▸ **Records provided**:
%%
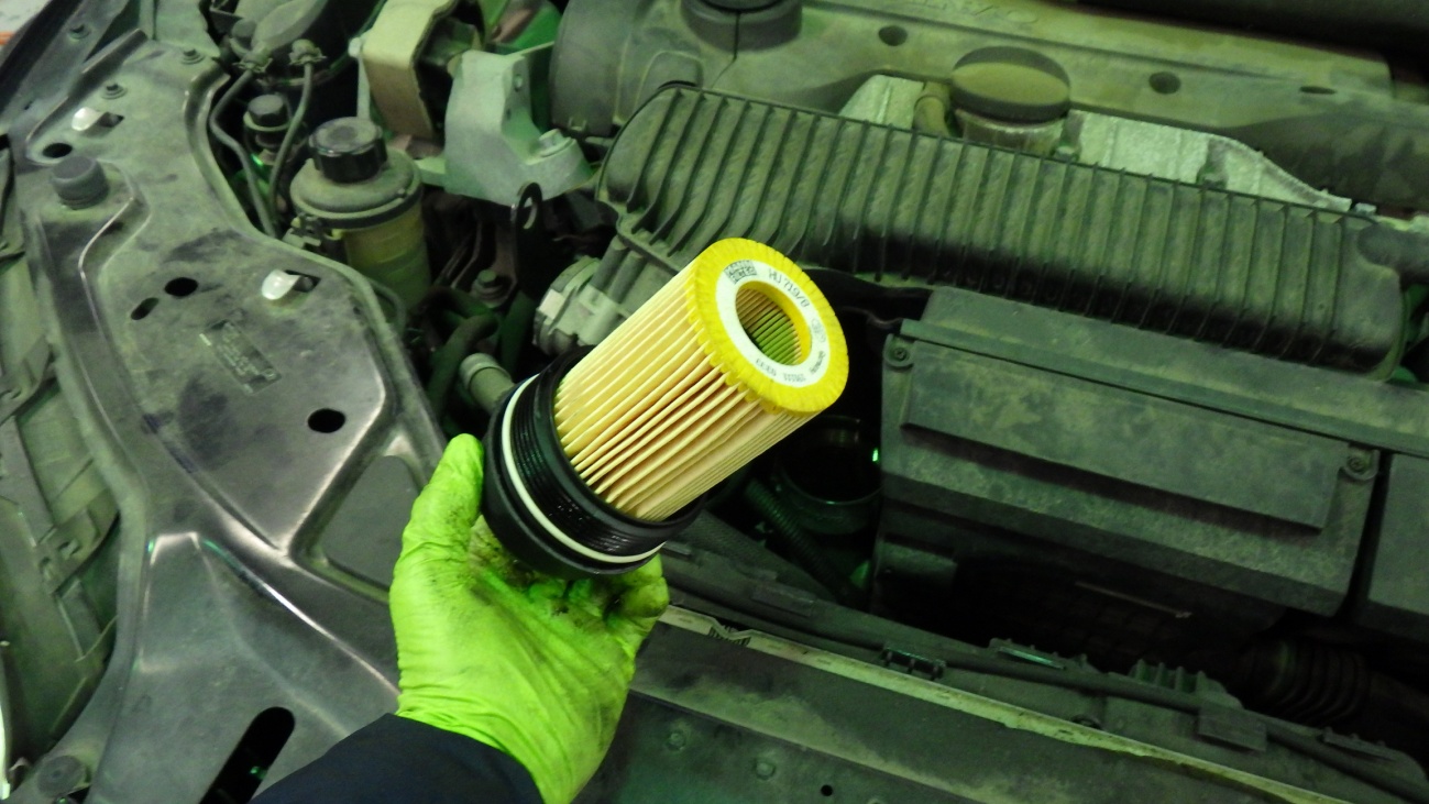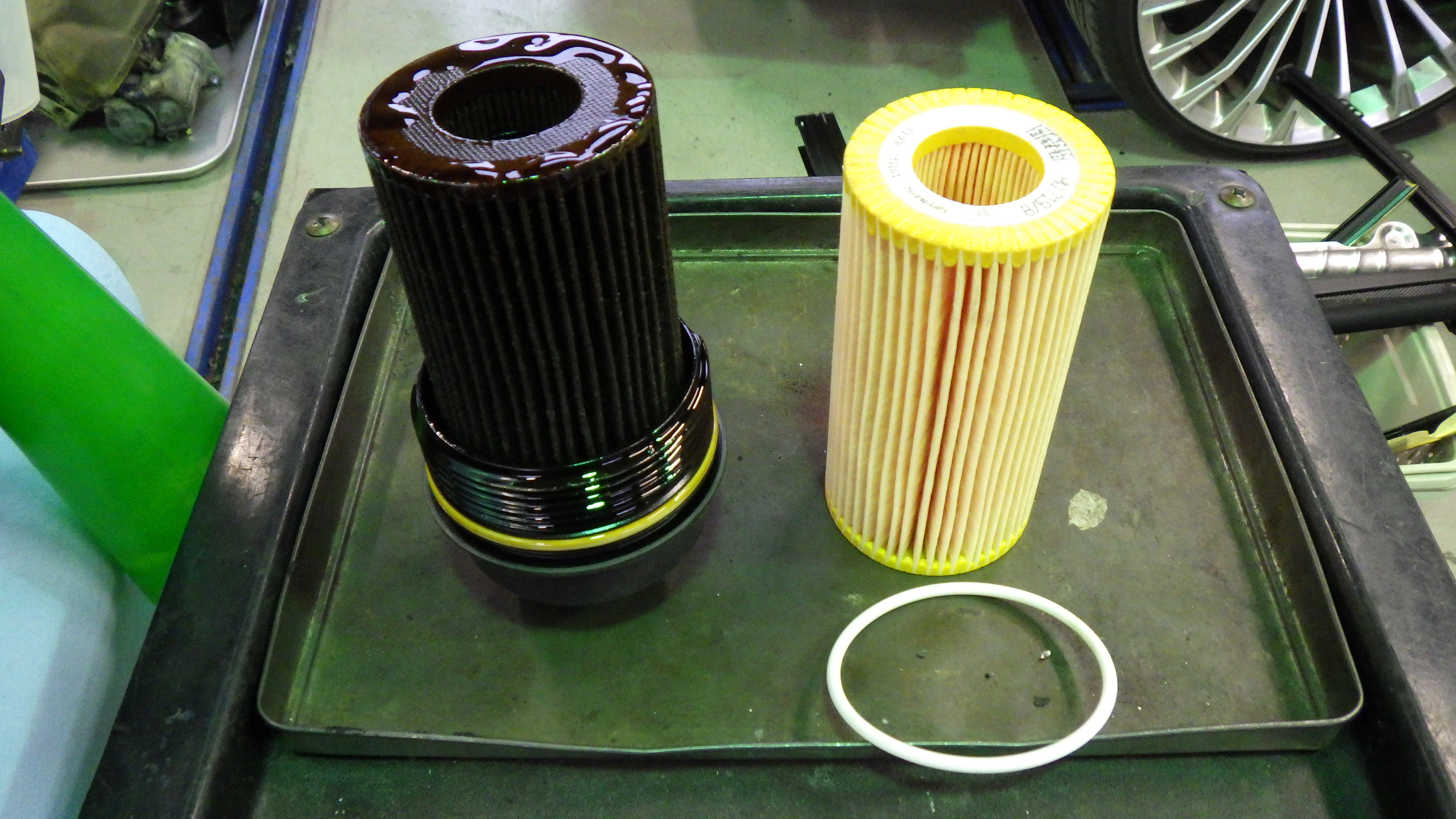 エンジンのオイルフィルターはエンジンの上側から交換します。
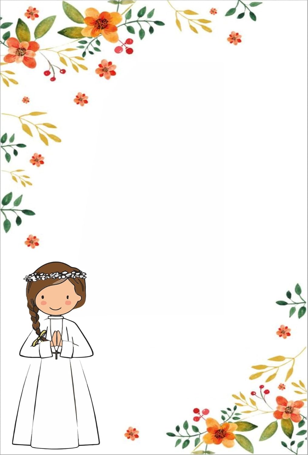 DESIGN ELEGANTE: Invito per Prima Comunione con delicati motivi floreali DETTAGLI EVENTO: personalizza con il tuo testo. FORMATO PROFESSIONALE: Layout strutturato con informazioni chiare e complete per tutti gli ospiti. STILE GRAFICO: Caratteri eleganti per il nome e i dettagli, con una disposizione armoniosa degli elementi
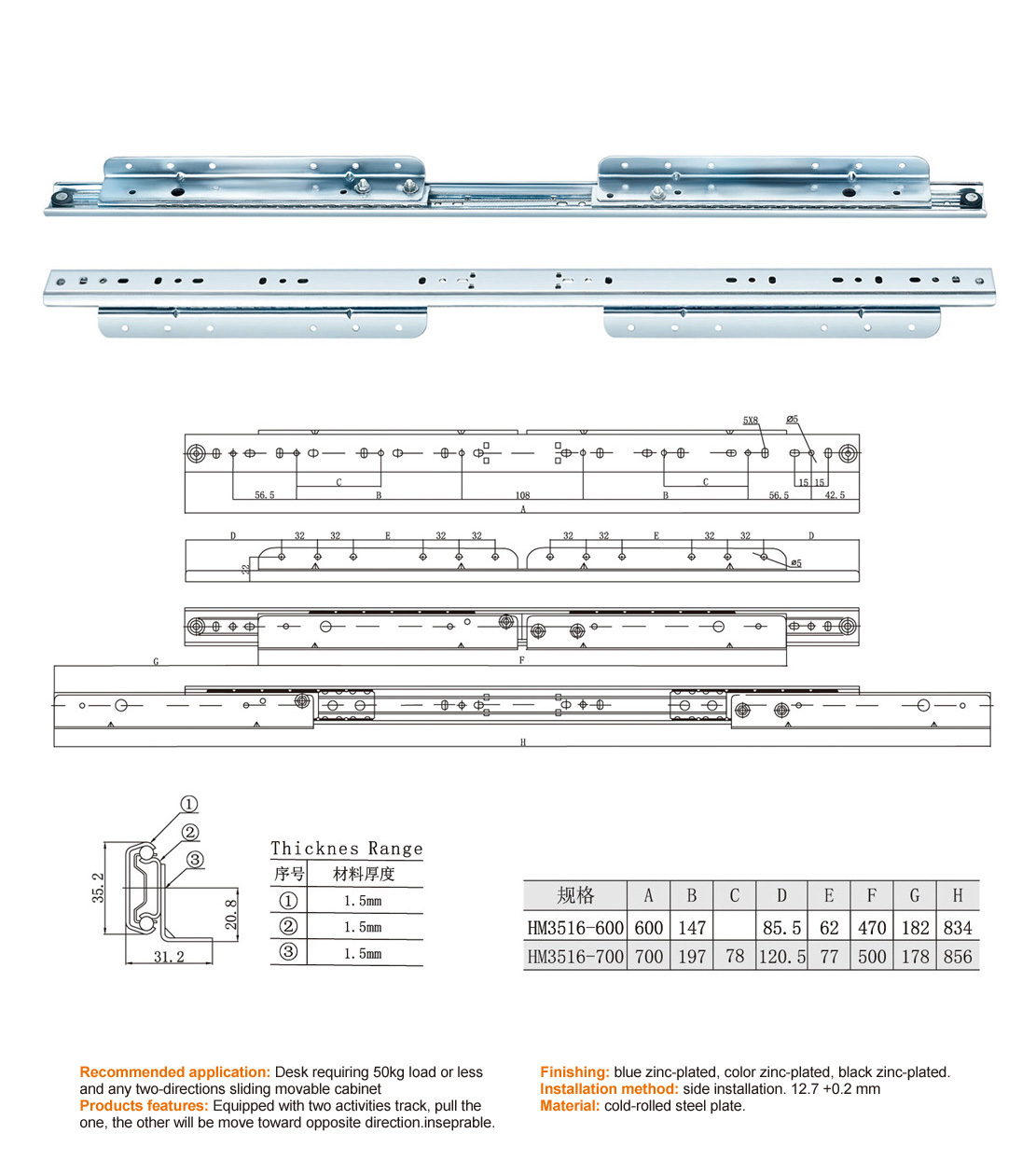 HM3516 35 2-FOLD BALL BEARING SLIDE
%%
%%
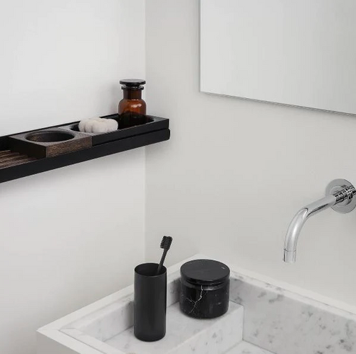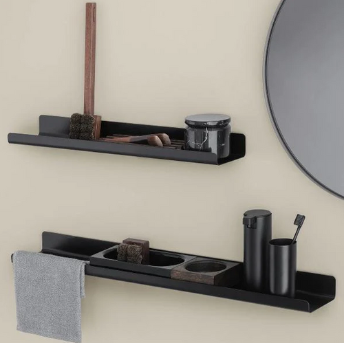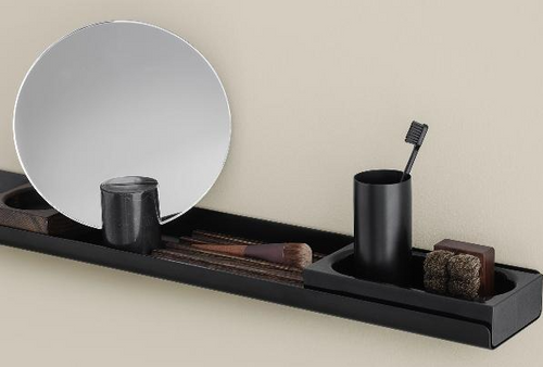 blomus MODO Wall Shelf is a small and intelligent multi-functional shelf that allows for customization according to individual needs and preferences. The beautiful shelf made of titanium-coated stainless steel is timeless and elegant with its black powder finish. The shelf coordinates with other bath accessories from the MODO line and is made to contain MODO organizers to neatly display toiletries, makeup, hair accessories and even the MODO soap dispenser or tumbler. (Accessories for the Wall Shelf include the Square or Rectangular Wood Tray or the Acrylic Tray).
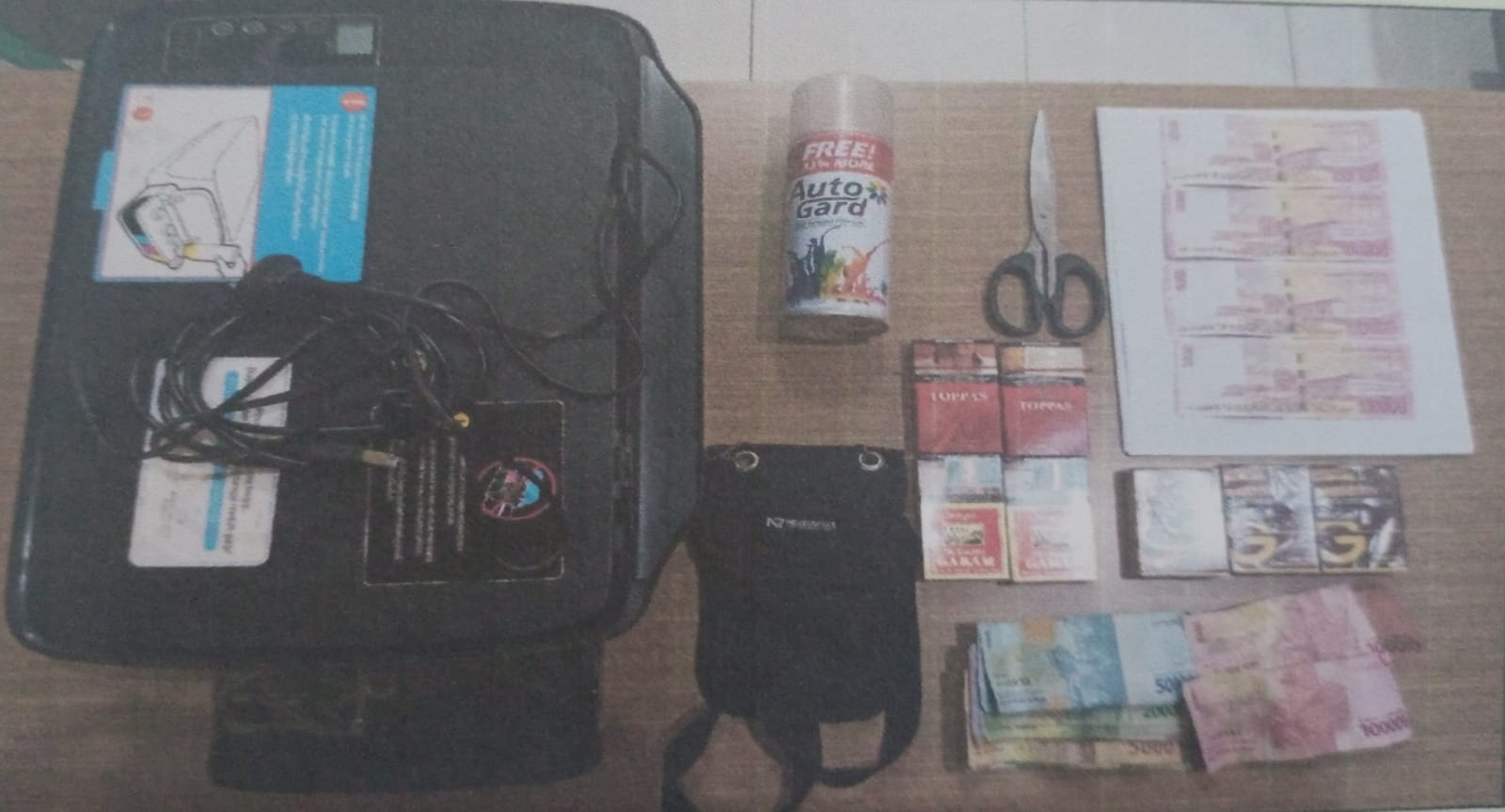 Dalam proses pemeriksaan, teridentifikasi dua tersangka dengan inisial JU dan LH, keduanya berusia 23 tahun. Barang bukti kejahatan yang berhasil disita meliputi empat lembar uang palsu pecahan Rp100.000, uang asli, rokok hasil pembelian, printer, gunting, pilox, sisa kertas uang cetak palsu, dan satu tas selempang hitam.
%%
▸ **To do**:
Everything above from the line with "エンジンのオイルフィルターはエンジンの上側から交換します。" through the line with "DESIGN ELEGANTE: Invito" should be retyped exactly, and nothing else; omit pictures.

▸ **Result for this exercise**:
 エンジンのオイルフィルターはエンジンの上側から交換します。
 DESIGN ELEGANTE: Invito per Prima Comunione con delicati motivi floreali DETTAGLI EVENTO: personalizza con il tuo testo. FORMATO PROFESSIONALE: Layout strutturato con informazioni chiare e complete per tutti gli ospiti. STILE GRAFICO: Caratteri eleganti per il nome e i dettagli, con una disposizione armoniosa degli elementi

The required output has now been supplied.